The Indian Secular Front (ISF), with its limited presence in parts of North and South 24 Parganas, too grabbed headlines as its leader and lone MLA, Nawsad Siddique, led the party’s campaign, which often resulted in clashes with the ruling TMC in Bhangor in South 24 Parganas.
Since the day the polls were announced on 8 June, widespread violence has been reported in various parts of the state, leading to the deaths of over a dozen people, including a teenager. A Congress worker was allegedly beaten to death by unidentified people in West Bengal’s Murshidabad district ahead of the panchayat polls in the state, police said on Friday. The incident took place in the Raninagar area, hours before Governor C V Ananda Bose reached the district to visit violence-hit areas there, a senior officer said.
West Bengal Governor C. V. Ananda Bose reached Murshidabad district to visit the violence-hit areas on Friday, a day before the rural polls in the state. He is expected to hold meetings with senior officers later in the day, a district official said. The governor reached Berhampore, the district headquarters, by train this morning and is expected to visit some places before returning to Kolkata this evening, he said.
Bose will visit places like Domkal, Khargram, Navagram, and Beldanga, where clashes among political parties have been reported in the run-up to the rural polls.

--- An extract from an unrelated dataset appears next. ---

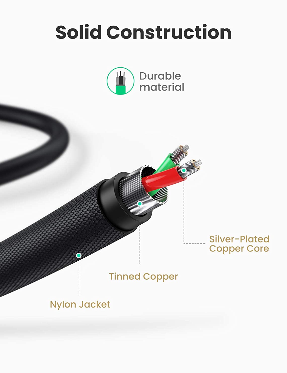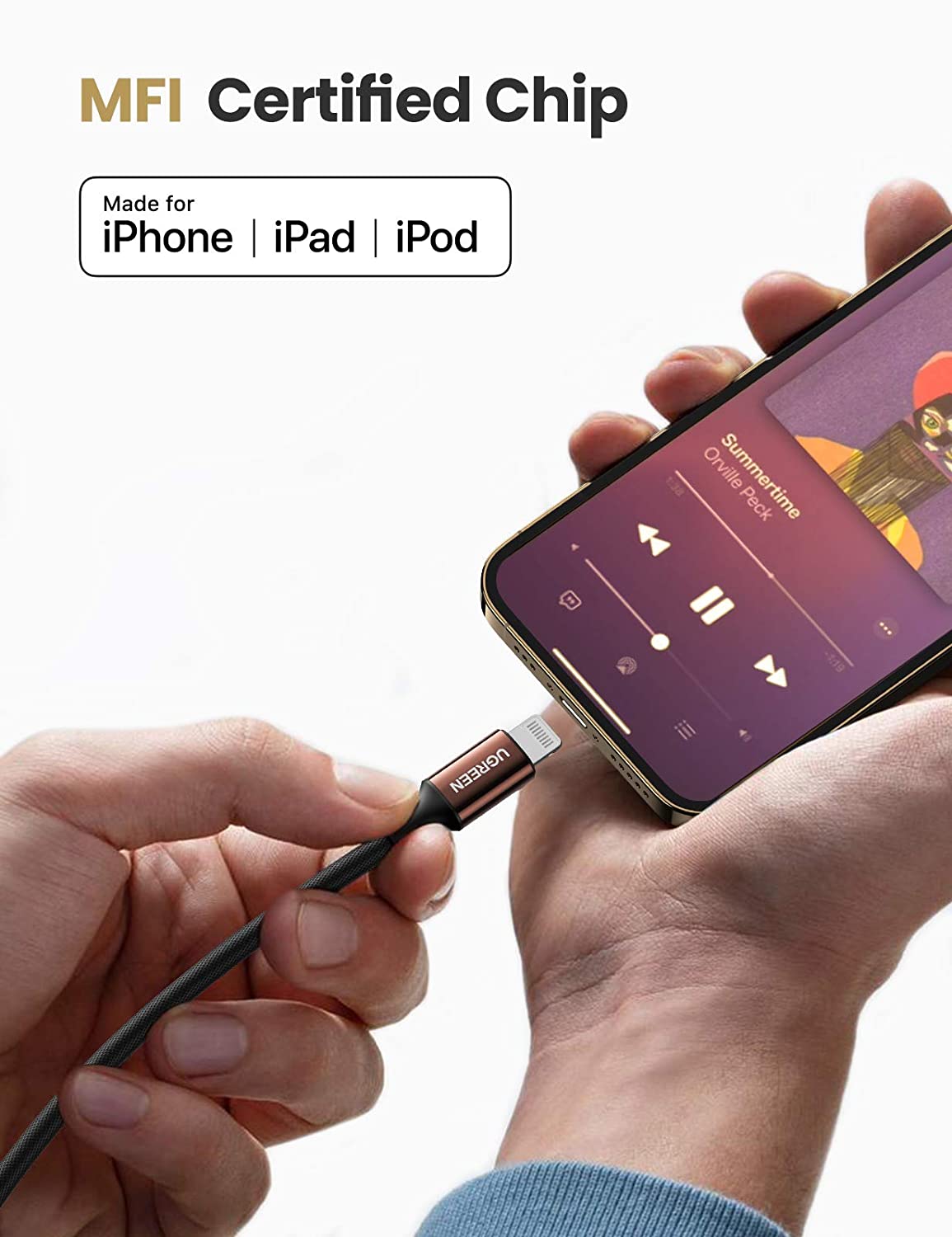 - Cáp chuyển Lighting sang RCA dài 2m Ugreen 40904 trang bị bện bằng đồng và tấm chắn bằng nhôm Mylar, cáp RCA kép này có thể truyền nhạc giữa các thiết bị có cổng Lightning và các thiết bị 2RCA (Đỏ và Trắng), chẳng hạn như iPhone, iPod, iPad, Bộ khuếch đại, Loa, TV, Đầu thu Radio, DVD, AV trên xe hơi. Cáp giắc cắm Lightning sang RCA sẽ mang đến cho bạn trải nghiệm âm thanh nổi tuyệt vời

Meanwhile, fresh violence was reported in the Ranninagar area of Murshidabad, another district official said. The governor has opened a ‘Peace Home’ at the Raj Bhavan to address the complaints of the common people. So far, 16 people have been killed in violence connected to the elections in the state, according to officials.
The polls to elect representatives for village councils will be held under the watchful eyes of central forces for the second time since the inception of the Panchayati Raj system in Bengal in the late Seventies. Nearly 65,000 active central police personnel and 70,000 state police personnel will be deployed for the polls, officials said.